Hearing aid technology is poised to take a leap forward. (Unsplash/Mark Paton)
It's called the "cocktail party problem": In a crowded environment with many overlapping conversations, people with hearing aids often find it hard to pick out a single speaker. Scientists at MIT Lincoln Laboratory have proposed a solution, creating a new system to separate two simultaneous speakers while suppressing other noise that may aid tomorrow's cognitively controlled hearing aids.
"It's definitely a common complaint," Christopher J. Smalt, a human health & performance systems researcher at MIT Lincoln Laboratory and a coauthor of the study, published March 4 in Neural Networks, told The Academic Times. "The background noise and the thing that they're trying to focus on are so similar — it's like the most difficult listening scenario because of that."
The team designed an end-to-end neural network architecture that resembles the systems people used before neural networks, which first entered the field roughly half a decade ago. According to the first author of the study, Bengt J. Borgström, this meant that the researchers did not have to approach the network as a black box — they could think about it more intuitively.

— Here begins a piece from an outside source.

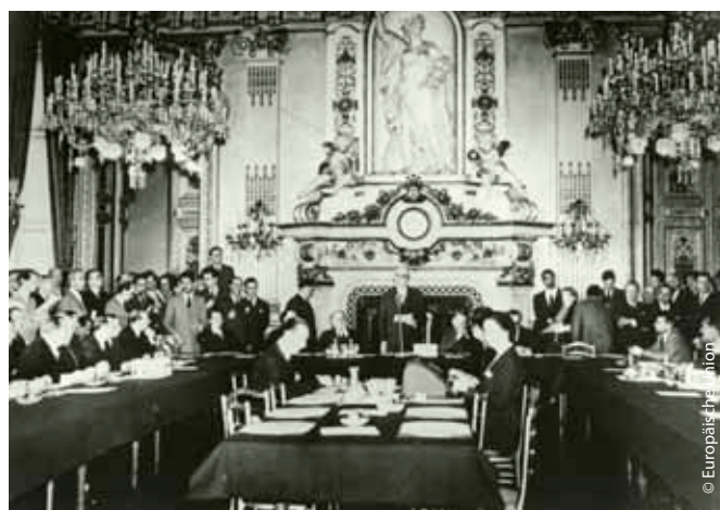
Schuman hält seine berühmte Rede vom 9. Mai 1950, dem Tag, der heute als Geburtsstunde der EU gefeiert wird.

Seine Ansprache stieß nicht auf taube Ohren – sowohl vom deutschen Bundeskanzler Adenauer als auch von den Regierungen der Niederlande, Belgiens, Italiens und Luxemburgs kam rasch eine positive Antwort. Innerhalb eines Jahres, am 18. April 1951, unterzeichneten die sechs Gründungsmitglieder den Pariser Vertrag. Dadurch wurde die Europäische Gemeinschaft für Kohle und Stahl gegründet, Europas erste supranationale Gemeinschaft. Diese richtungweisende Organisation ebnete den Weg für die Europäische Wirtschaftsgemeinschaft und schließlich für die Europäische Union, deren Geschicke noch immer von innovativen europäischen Institutionen gelenkt werden, wie sie 1950 erdacht wurden.

"In the systems people used before neural networks, they would just extract a spectrogram, for example, and come up with some mask to let the target speaker pass through and attenuate everything else," Borgström said. "If we set up the network to mimic that pipeline, then we can play with that mask."
Borgström described a fundamental tradeoff between speech quality and interference. Too much masking gets rid of background noise but also makes it harder to hear the speaker. "You may hear this when you're talking on a cellphone," he said. "They have speech enhancement, but it's being too aggressive. You start hearing these very annoying artifacts — these little blips." On the other hand, without any masking, background noise overwhelms the speaker.

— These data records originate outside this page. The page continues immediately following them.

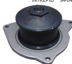
INTREPID 94-04 MANK3400 BOMBA AGUA 3.5L (CONCORDE 02-03, NEW YORKER 3.3L 92-94)
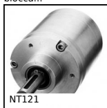
NT121 Riduttore coassiale a treni paralleli, da 20 a 68 Nm - a treni
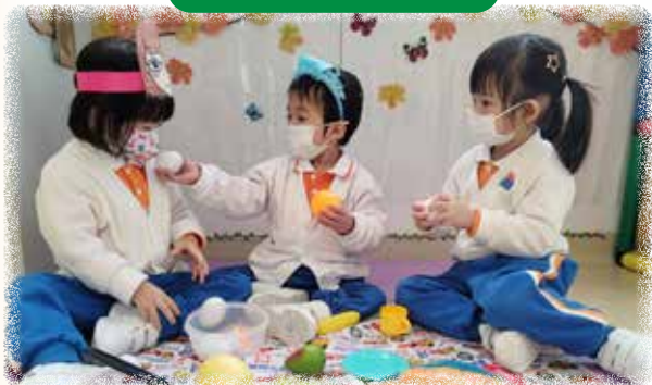
N1 幼兒模擬野餐的情景，並學習 一起分享食物。

That is why the team incorporated something called a mask continuation factor. As it turns out, people like a little noise in their signal — and the mask continuation factor lets them set the right balance.

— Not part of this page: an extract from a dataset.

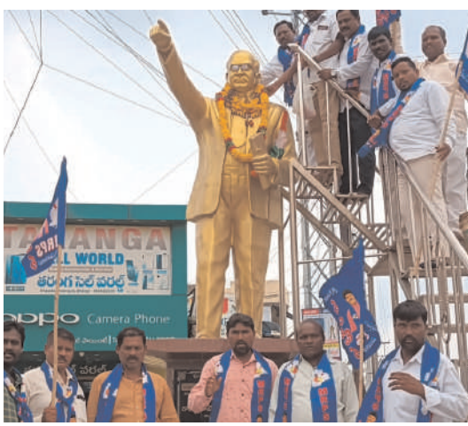
సిద్దింగా ఉన్నాము అని అసెంబ్లీలో మాట్లాడిన ముఖ్యమంత్రి రేవంత్ రెడ్డి. వెంటనే ఇంప్లిమెంటేషన్ పాల్గొన్నారు.

ప్రజా స్వేచ్ఛ, ఆలేరు ఆర్పీ : యాదాద్రి భువనగిరి జిల్లా ఎస్సీ వర్గీకరణపై ఆగస్టు ఒకటవ తేదీన సుప్రీంకోర్టు సంచలనాత్మక తీర్పు వెలువరించిన వెంటనే తెలంగాణ రాష్ట్ర ముఖ్యమంత్రి రేవంత్ రెడ్డి అసెంబ్లీలో మాట్లాడుతూ రాష్ట్రంలోని మాదిగలు 30 సంవత్సరాల నుండి ఏబీసీడీ వర్గీకరణ కోసం రాజీదేని పోరాటాలు చేస్తున్నారని వారికి సుప్రీమ్ కోర్ట్ లో తీర్పు అనుకూలంగా వచ్చినందుకు రాష్ట్ర ప్రభుత్వం తరుపున స్వాగతస్తూ రాష్ట్ర ప్రభుత్వం తరుపున ఏబీసీడీ వర్గీకరణ చేయడానికి మేము

The researchers trained their system using a simulated 111-hour corpus, developed from an in-house dataset of 38 male and female speakers. "What we want is something that could conceivably be recorded in a hearing aid," Smalt said. "You could try to rerecord thousands or millions of hours of speech through the actual system that you want to record it from, or you can simulate it, which is what we did in this paper. It's a pretty common thing that people do." They digitally inserted background noise, using recordings of a busy cafeteria.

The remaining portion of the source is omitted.